Setting Dorje aside for a moment, the lamas prepared a temporary altar made of stones arranged in two tiers and covered with a yak wool blanket. They placed the six
tormas
from inside the house on the upper row and ritual items on the lower one. Playing cymbals, trumpets, and drums, they began more recitations while helpers carried Dorje to the pyre and undressed him. After attaching pieces of paper containing prayers to seven parts of his body and placing an imprint of the wheel of life above his head, they placed him on the pyre in a seated position surrounded by logs covered with juniper branches. The senior lama gave Dorje’s
sem
the necessary direction and motivation to move to the next stage by saying he must give up all thought and attachments to this life because he no longer belonged to this earth. He must go happily to the next world and not trouble the living as a restless
shrindi.
As the lamas resumed their chanting, helpers lit the funeral pyre from the four cardinal corners. While the fire burned, they fed the flames with offerings of grain, grass, butter, honey, and small sticks.
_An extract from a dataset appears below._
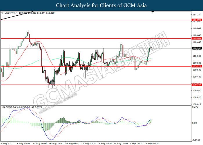 USDJPY, H4: USDJPY telah didagang dengan lebih tinggi selepas ia melantun dari tahap sokongan 109.75. MACD yang memaparkan momentum bullish mencadangkan pasangan ini untuk melanjutkan keuntungannya ke arah tahap rintangan 110.55.
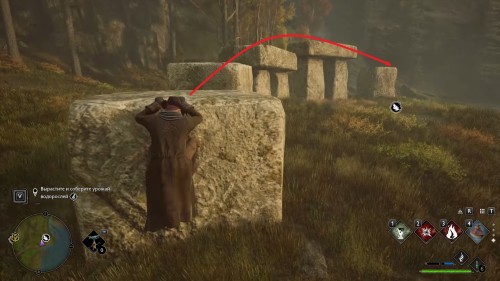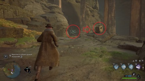 Необходимо найти платформу с углублениями – в нее нужно собрать горкой пять шаров, спрятанных неподалеку. Перекатить их можно с помощью чар «Акцио», а перенести через препятствия заклинанием «Левиосо». Обнаружить камни на пересеченной местности поможет заклинание «Ревелио», особенно если использовать летающее средство передвижения и осмотреть окрестности с высоты.

Watching the fire slowly consume his son’s body, Mingma prayed that Dorje would have a favorable rebirth. Much depended on the merit and karma accumulated in his lifetime, but friends and family could assist in earning more during the 49-day transitional period between death and reincarnation, the
bardo.
For this, Mingma would go in debt for many years paying lamas to repeat a sacred text at least 1,000 times and financing the final distribution of food and money to all the surrounding villagers. Fortunately, Pemba had offered to donate the supplies he purchased at Base Camp and Droma Sunjo would prepare rice balls, butter, and
chang.
Each item accepted by a villager or any stranger passing through earned
sönam
for Dorje's reincarnation occurring on the 49
th
day
When the pyre burned down, Mingma returned home for the final
narpa
rites where a lama called upon Dorje to present himself on a name card and remain there until directed where to go. At the conclusion of the long ritual, the lama sent him to Devachen and then dipped the name card in melted butter and lit it. From then on, Dorje’s name would never be mentioned again lest his
sem
be confused and believe he was still alive, thus hindering his transition to the next life. Even though Mingma would never utter the word
Dorje
again, his son would remain forever in his heart and thoughts. With Nima married to Shanti, Mingma could smother his grandchild with the love circumstances had denied his own children
Two days after the cremation, Beth said she must return home. Having grown to love her like a daughter, Mingma didn’t want her to leave, but he understood there was no place for her here. Needing to remain in Namche until the end of the
bardo,
he couldn’t accompany her to Lukla but the Americans had waited to make the two-day trek with her. With Marty already in Kathmandu for frostbite treatment, Mingma and Nima walked to the village edge with Beth, Mark, and Sean. His fingers trembling and his insides weeping, Mingma placed a silk
kata
around her neck, bowed with his hands together, and whispered, “Namaste.”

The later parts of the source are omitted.